Pour sa deuxième création en tant que metteur en scène associée au Théâtre du Nord, Gloria Paris poursuit l’exploration des répertoires comiques européens. Elle a cette fois choisi Labiche et sa caricature du bourgeois originel et triomphant, celui du XIXe siècle, pour s’interroger aussi sur ce qu’il en reste dans certaines « valeurs » et certains comportements d’aujourd’hui.
« Je me suis adonné presque exclusivement à l’étude du bourgeois, du philistin. Cet animal offre des ressources sans nombre à qui sait le voir, il est inépuisable. C’est une perle de bêtise qu’on peut monter de toutes les façons ». Ainsi s’exprime encore malicieusement Eugène Labiche en 1880, dans une lettre à un ami, au terme d’une carrière de plus de quarante ans dont il reconnaît lui-même avec lucidité le leitmotiv et le fil rouge.
La Grammaire et 29° à l’ombre, les deux courtes pièces en un acte choisies par Gloria Paris, n’échappent pas à la règle. S’y agite une petite population de rentiers, anciens commerçants ou artisans enrichis, rangés des affaires et reconvertis boursicoteurs, infatués de leur petite personne, égoïstes, arrogants, sûrs d’eux-mêmes et jaloux de leurs biens comme de leurs femmes, obéissant à leurs plus vils réflexes sécuritaires, et phobiques de tout ce qui vient de l’extérieur ou de l’étranger ; or pour eux, bien sûr, l’inconnu commence au bourg voisin, voire à la clôture mitoyenne.
À cette arrogance et à ces obsessions, Labiche ajoute ici un complément singulier : le handicap et le complexe, voire la culpabilité de l’ignorance. La conscience de leurs lacunes et la honte qu’ils en conçoivent, l’effort qu’ils font pour les dissimuler ou l’émerveillement naïf pour des savoirs autodidactes mal assimilés, sont autant de variations qui relient ces bourgeois labichiens au Monsieur Jourdain de Molière comme aux Bouvard et Pécuchet de Flaubert, leurs contemporains.

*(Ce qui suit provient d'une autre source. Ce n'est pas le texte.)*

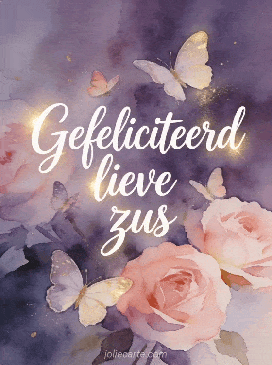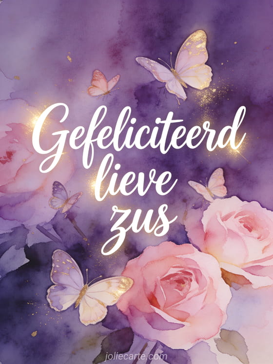 Deel deze poëtische kaart voor je zus met fijne vlinders, paarse aquareltinten en gouden lichttoetsen. Bekijk ook fijne verjaardag mijn zielszus tekst, fijne verjaardag grote zus en verjaardagsbrief zus.
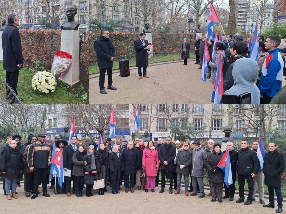 Cubanos, franceses solidarios y diplomáticos latinoamericanos conmemoraron en Paris el aniversario 173 del natalicio del héroe nacional de la Isla, José Martí, cuyo legado de independencia fueron resaltados.
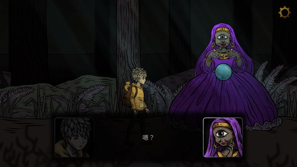 4、向右移动,遇到一个独眼女子,继续对话并解开谜题。
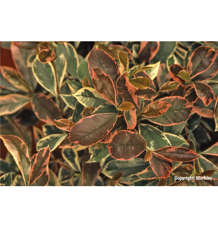 Hoher Blattschmuckwert. Die immergrünen Blätter der Glanzmispel 'Pink Marble'® sind dunkelgrün, lanzettlich, glänzend und weisen einen weißen Rand auf. Rosaroter Austrieb.
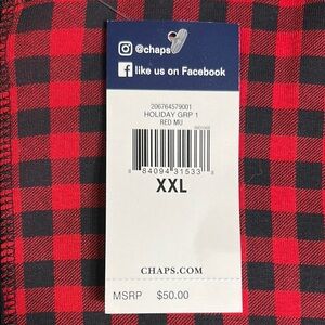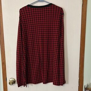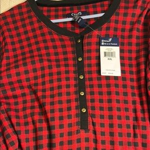 Chaps Women’s NWT Henley long sleeve shirt with 5 button front and side slit hem. Red and black with black trim. Could also be used as an oversized sleep shirt.
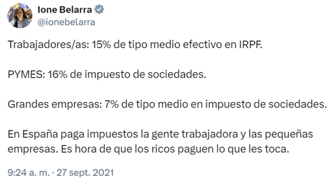 No obstante, la peor parte de su afirmación es el bulo de que las grandes empresas solo tributan al 3.8 %. Este dato no tiene absolutamente ningún fundamento, es un dato inventado o desconocido. Si acudimos al informe Declaración país por país de multinacionales con matriz española de 2019, podremos observar cómo las grandes empresas con sede española devengan un tipo efectivo del 18.42 %, una cifra que no tiene absolutamente nada que ver con la aportada por Yolanda Díaz.
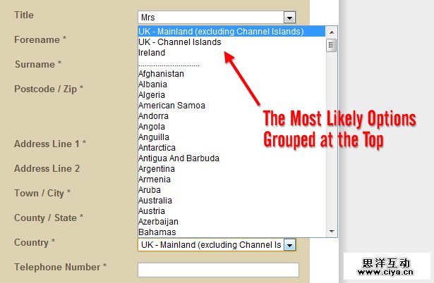 以UI中最常见的下拉菜单为例,选择注册表中的国家项。 多数网站开发人员和内容设计者会发现,某些国家被选中的机率为80%。

Gloria Paris retrouve dans ces personnages une tradition comique qui lui est chère. Il y a en eux la mémoire de certains archétypes de la commedia – un peu de Pantalon et du Docteur, un peu de Matamore ou de Scaramouche – une mémoire qui passe par Molière, Marivaux, Goldoni, Beaumarchais... Mais il y a aussi l’observation directe, satirique et critique, d’une société moderne en devenir, où le règne de l’économie spéculative et du fric dispenserait presque de la connaissance et des valeurs humanistes de l’intelligence et du savoir.
À partir de là, toute ressemblance avec le monde dans lequel aujourd’hui nous vivons serait, bien entendu, purement fortuite.